Tweeting the News

Sure it’s fun to rip on the TU for not delivering your paper on time (it wasn’t there today when I left the house at 7am) but the truth is that they’re generally first with things, if not delivering the dead tree version.

Local TV once crowed that they had the advantage of immediacy on breaking news. They’d say, “Ha! you’ll have have to wait until morning to read about the hot stories that we can cover at six and eleven.” True, they had an advantage with urgent, breaking news.

Then along came the internet.

The Web really showed us who runs the news in this town. And the truth is the newspaper beats the pants off everyone. They break news on the Web before anyone else, almost every single time with rare exceptions.

Case study: On Saturday there was some breaking news regarding a Continental ExpressJet flight landing with passengers injured by severe turbulance. Not the biggest story, but interesting.

I read about it first on Twitter. Since I was curious about who’s using Twitter to break stories, I did a little check on who had it when:

Times Union 4:07pm
WTEN 4:23
WRGB 4:44
Fox 23 4:49
YNN 5:36pm
WNYT 9:57pm

9:57pm? You have to be kidding.

Is a tweet covering the story? Not really, but it’s a good indication that you’re on top of what’s going on. If you ask people to follow you on Twitter for news you’d better bring your A-game — or wind up the loser.

By the way, the bird outside my window woke up at 3:30 this morning. Now that’s tweeting.

7 thoughts on “Tweeting the News

  1. The local sports guy on Ch. 6 never mentioned the
    perfect game in baseball during the 6:30pm news
    Sunday almost a full hour after the game ended. Instead
    we heard about R.P.I. lacrosse and the Mets game .
    Nice work.

  2. Yeah, tell me about it. I RT’ed a Tweet from WNYT about a story that, embarrassingly, had actually broken the night before. Egg on my face! I felt like I was a lesser person because of it. I’m still trying to pick up the pieces of my shattered ego and re-inflate my sense of self-esteem.

    But even ten, twenty minutes or a full half-hour late is too much. Online news is like a sprint race: fractions of a second are the difference between first place and last place.

    What it comes down to is investing the resources in people to run the account and keep it up to date 24/7. Which is a hard sell, since what most managers here is “we want to take this person we’re paying and devote all of their resources during a significant stretch of time to f***ing around on Twitter.”

  3. Kevin: What can work is making the Twitter feed everyone’s responsibility, not that of one or two people.

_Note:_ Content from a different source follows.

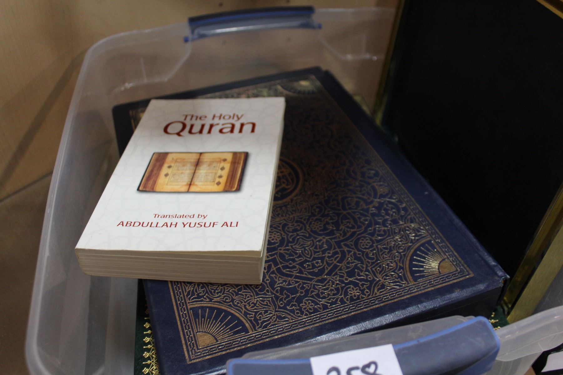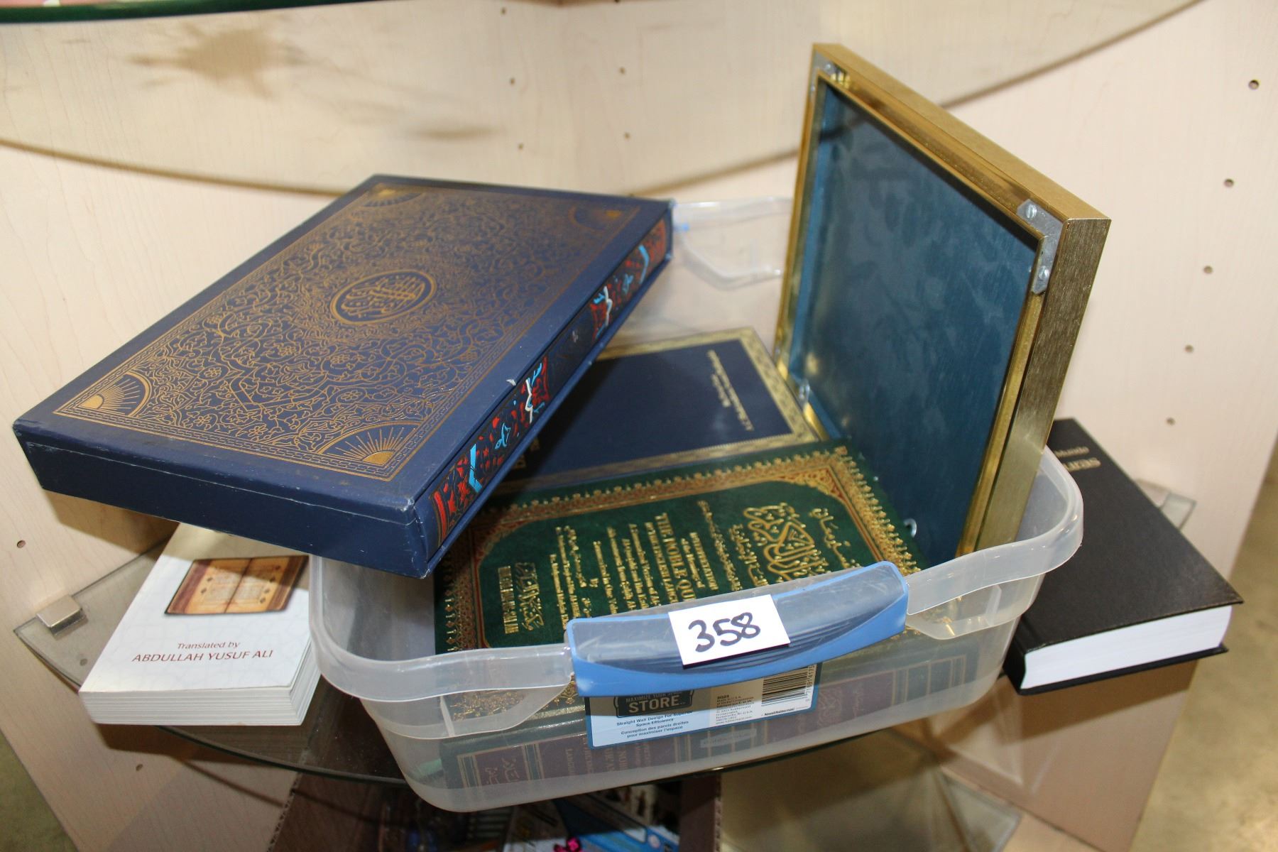 TRAY OF QURANS AND PICTURE

That means the reporters, photographers, and producers.

    People may say that Twitter is insignificant, but it speaks volumes about your approach to covering the news.

  4. You might want to investigate how much the paper delivery person gets to bring your dead tree version to you at 0 dark hundred. Minimum wage is not part of the calculation.

    Skip

  5. The only thing I can say here is to watch the source that the news comes from. It is very easy to have false info spread quickly via Twitter. Otherwise, I get my breaking news from Twitter as well.

    My biggest beefs are a) CNN is always the last to report the news. Sometimes it is many hours after everyone else reports it and b) I think some of the news companies have really bad judgment of what breaking news is. CNN is also a great example of this. Sandra Bullock’s cheating husband isn’t breaking news. A tornado that kills people in Oklahoma is.

  6. Skip: there’s no question that it’d a tough, low-paying job. I have a lot of respect for anyone that gets up in the morning and does that kind of work.

    I think the paper lost the person who normally does my neighborhood, and it has to be hard to fill those jobs.